Veeken Adrie H M, Akoto Lawrence, Hulshoff Pol Look W, Weijma Jan
Department of Environmental Technology, Wageningen Agricultural University, PO Box 8129, 6700 EV Wageningen, The Netherlands.
Water Res. 2003 Sep;37(15):3709-17. doi: 10.1016/S0043-1354(03)00262-8.
Precipitation of Zn2+ with S2- was studied at room temperature in a continuously stirred tank reactor of 0.5l to which solutions of ZnSO4 (800-5800 mgl(-1) Zn2+) and Na2S were supplied. The pH was controlled at 6.5 and S2- concentration in the reactor was controlled at set point values ranging from 3.2x10(-19) to 3.2x10(-4) mgl(-1), making use of an ion-selective S2- electrode. In steady state, the mean particle size of the ZnS precipitate decreased linearly from 22 to 1 microm for S2- levels dropping from 3.2x10(-4) to 3.2x10(-18) mgl(-1). At 3.2x10(-11) mgl(-1) of S2-, the supplies of ZnSO4 and Na2S solutions were stoichiometric for ZnS precipitation. At this S2- level, removal of dissolved zinc was optimal with effluent zinc concentration <0.03 mgl(-1) while ZnS particles formed with a mean geometric diameter of about 10 microm. Below 3.2x10(-11) mgl(-1) of S2- insufficient sulfide was added for complete zinc precipitation. At S2- levels higher than 3.2x10(-11) mgl(-1) the effluent zinc concentration increased due to the formation of soluble zinc sulfide complexes as confirmed by chemical equilibrium model calculations.
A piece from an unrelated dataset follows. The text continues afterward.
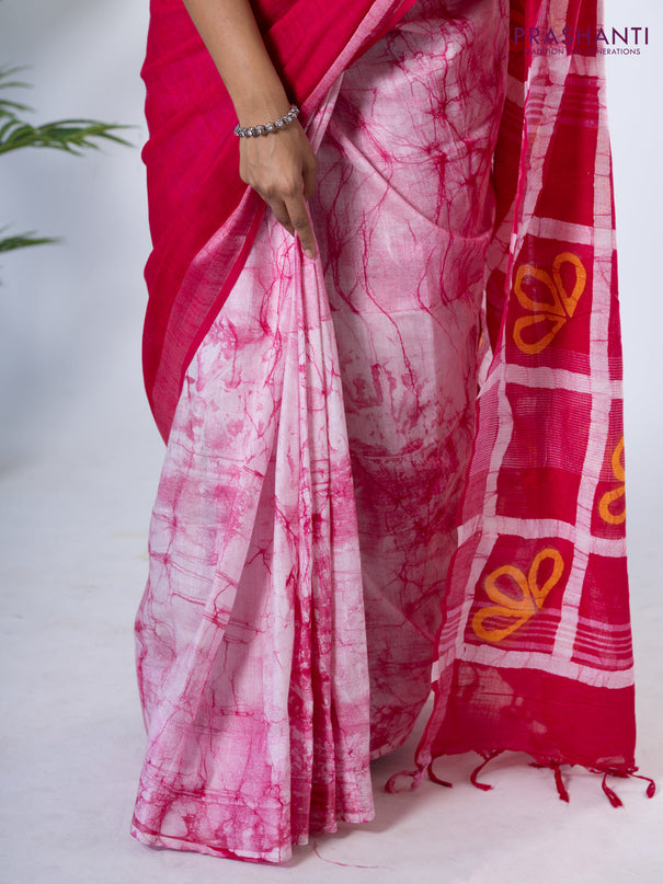 Semi silk cotton saree magenta pink and mild pi...
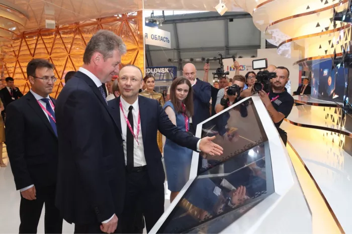 Экспозицию РМК посетил и губернатор Челябинской области. Председатель Совета директоров Русской медной компании Игорь Алтушкин продемонстрировал Борису Дубровскому основные проекты корпоративной социальной ответственности РМК, рассказал о планах развития производства на Михеевском ГОКе и КМЭЗе и показал современные мультимедийные выставочные решения, которые внедрила РМК в своей экспозиции.

在室温下,于一个0.5升的连续搅拌釜式反应器中研究了Zn²⁺与S²⁻的沉淀反应,向该反应器中供应ZnSO₄(800 - 5800毫克/升Zn²⁺)和Na₂S溶液。利用离子选择性S²⁻电极将pH控制在6.5,并将反应器中的S²⁻浓度控制在3.2×10⁻¹⁹至3.2×10⁻⁴毫克/升的设定值范围内。在稳态下,对于S²⁻水平从3.2×10⁻⁴降至3.2×10⁻¹⁸毫克/升,ZnS沉淀的平均粒径从22微米线性减小至1微米。当S²⁻浓度为3.2×10⁻¹¹毫克/升时,ZnSO₄和Na₂S溶液的供应对于ZnS沉淀是化学计量的。在此S²⁻水平下,溶解锌的去除效果最佳,出水锌浓度<0.03毫克/升,同时形成的ZnS颗粒的平均几何直径约为10微米。当S²⁻浓度低于3.2×10⁻¹¹毫克/升时,添加的硫化物不足以使锌完全沉淀。当S²⁻浓度高于3.2×10⁻¹¹毫克/升时,如化学平衡模型计算所证实的,由于形成了可溶性硫化锌络合物,出水锌浓度增加。